!AUTHOR'S NOTE!

Hello all! This is just a short one-shot that I wrote as a companion piece to my Death Note fanfiction. I have not yet uploaded the actual fic, since it is still under heavy construction, but this has been nagging at me for quite some time. So, I decided to post this as a sort of teaser!

Tell me what you think, and perhaps I will complete the fic sooner and upload it that much quicker!

Reviews are love! 3

Miss K


Blue.

For as long as she could remember, she had always favoured the colour blue. Not just any blue, however, but a light blue. Like the sky. Or like the colour that the children would always use when drawing water.

Yes, blue.

Blue was not a saddening colour, but a colour that represented so much more. Blue was the days where the children were wrapped up in blankets in the library when rain beat against the window panes. Blue was the sky in summer when the glass French-doors were kept wide opened and everyone could go in and out as they pleased.

Then again, there was white.

White was nice. The colour of clouds, soft and always reminding her of cotton-candy. It was the colour of pillows and warm sheets. The colour of the first snowfall in the English winters. The colour of the curtains in her bedroom.
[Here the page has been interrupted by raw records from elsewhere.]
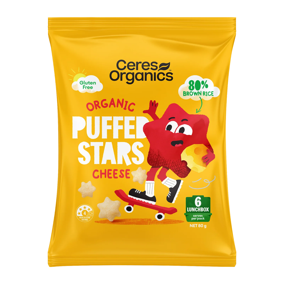Ceres Organics Puffed Stars Cheese 80g: Deliciously crunchy and organic cheese-flavored snacks that are perfect for guilt-free snacking. Enjoy the wholesome goodness of Ceres Organics in every bite!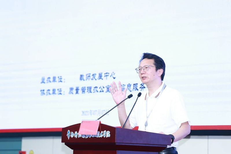 党委副书记、院长洪霄宣布学校内部质量保障体系建设工作正式启动!他在总结讲话中希望全校教职员工深入学习领会报告内容,按照“诊改”的思路,结合实际工作,积极参与到内部质量保证体系建设中来,扎实有效地推进学校的内涵建设;他梳理了近3年来学校质量建设的工作,并提出了“坚定不移”“宽容成长”“互促互进”追求高质量发展等三点工作要求。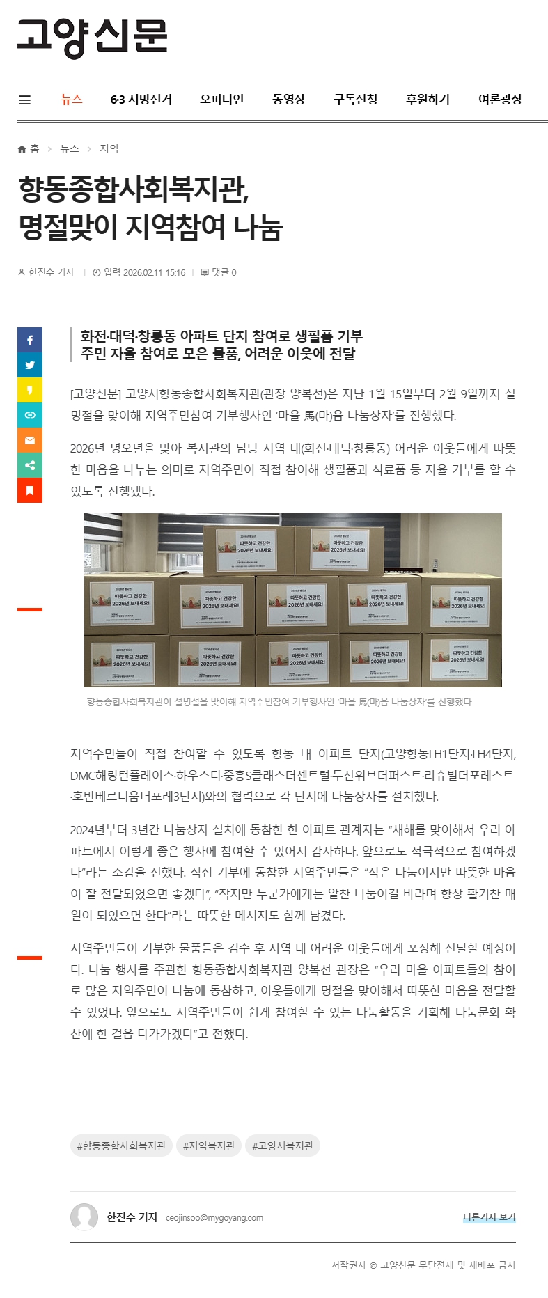 °í¾ç½ÃÇ⵿Á¾ÇÕ»çȸº¹Áö°ü¿¡¼´Â ¼³¸ÂÀÌ Áö¿ªÁÖ¹ÎÂü¿© ³ª´®Çà»ç '¸¶À»¸¶À½ ³ª´®»óÀÚ'¸¦ ÁøÇàÇß½À´Ï´Ù.

The colour of his favoured shirt.

Blue and white were colours that represented openness. They represented freedom, something new and yet to be discovered. But they held familiarities that she cherished.

(~)

Blue.

Blue was the colour of her eyes. From the moment his gaze connected with hers, he knew that blue would be something he was fond of.
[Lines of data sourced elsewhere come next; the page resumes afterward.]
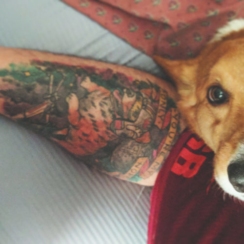 Scott’s corgi-centric permanent art was inked by tattooist Julie Bolene of Thunderbird Tattoo. It’s more than a creative work of art, it’s therapeutic. “Whenever I look at this tattoo, I’ll be reminded of what helps keep me going. Carlton’s been one of the few reasons I enjoy getting out of bed in the morning. In a weird way, Carlton is ‘my only hope,'” Scott said.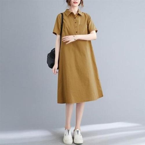 [엄지척]여성 여름 린넨 면 반팔 카라 단추 셔츠원피스 2컬러_19913261_667501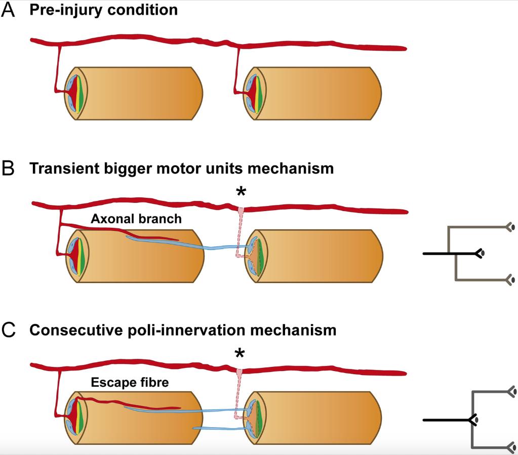 Previous to SCI, motor axons (red) project from the spinal cord to innervate AChR aggregates (green) of myotomal muscles to form NMJs (yellow) (A). Following SCI (asterisk), motor axons within the lesion site will undergo Wallerian degeneration (red dotted line). After 10DPT, collateral projections from rostral axons migrate towards caudal denervated muscle fibres. We envision two possible mechanisms for these observations. (B) These projections are branches of axons located rostral to the injury site, resulting in the formation of transiently bigger motor units. (C) These projections are âescape fibresâ that protrude from a rostral innervated NMJ to contact caudal denervated postsynaptic domains. In both cases, collateral axons will be guided by projections of terminal Schwann cells (light blue), which protrude from the denervated NMJs. Schemes at the right of B and C represent the origin of the motor axon collaterals (gray lines) from a pre-existing axon (black line). |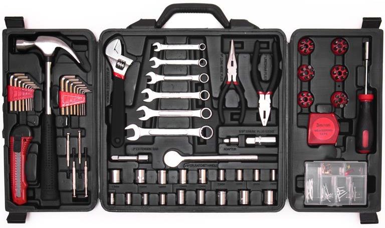Markowy Zestaw Narzędzi i Kluczy (160-elementów!!) Stahlbär + + Walizeczka z Tworzywa Sztucznego. Niezbędna rzecz w każdym domu i warsztacie!! Doskonale nadaje się także na prezent!! Zestaw wysokiej jakości!! Wyprodukowany przez niemiecką firmę Stahlbär. W zestawie specjalna walizka (z rączką) do przechowywania i bezpiecznego transportu kluczy. Zestaw Zawiera: 1 x młotek 12 oz, 1 x nóż typu snap-off, 4 x śrubokręt precyzyjny, 1 x klucz nastawny 8", 16 x klucz do śrub z 6-kątnym gniazdem, 6 x klucz płaski, 1 x szczypce półokrągłe 6", 1 x kombinerki 6", 1 x adapter, 1 x gniazdo, 1 x przedłużka, 1 x uchwyt klucza nasadkowego, Klucze: 18 x 3/8" nasadki DR, 1 x bit, 1 x taśma miernicza (3 metry), 1 x końcówka do bitów, 69 x łącznik. UWAGA!! W ofercie posiadamy również inne zestawy narzędzi do wyboru. Dane Techniczne: - Wymiary w walizce (dług. x szer. x grub.): 368 x 350 x 80mm, - Waga całości: 4140g., - Certyfikaty: CE, - Producent: Stahlbär, Niemcy. W Cenie: › 160-elementowy zestaw narzędzi, › Walizka ochronna z tworzywa sztucznego, › Gwarancja. Wysyłka w 24h! Płatność przy odbiorzeMożliwość wcześniejszej wpłaty Przy zakupie kilku produktów naraz - płatny tylko jeden koszt przesyłki! Możliwość wysyłki pocztą lub kurierem Realizujemy również przesyłki za granicę oraz na "Poste Restante" Na życzenie wystawiamy faktury VAT Wszystkie ceny zawierają podatek VAT 23%

Then again, there was white.

White was what he saw of when he thought of her. Something pure and clean. White also happened to be the colour of a few strands of her hair, which accented the shockingly light blonde that it was. White happened to be the colour of the varnish she always wore over her fingernails.

Blue and white represented one of the few connections to his past. Something he had held dear and then lost. And they too, represented the familiarity that he cherished.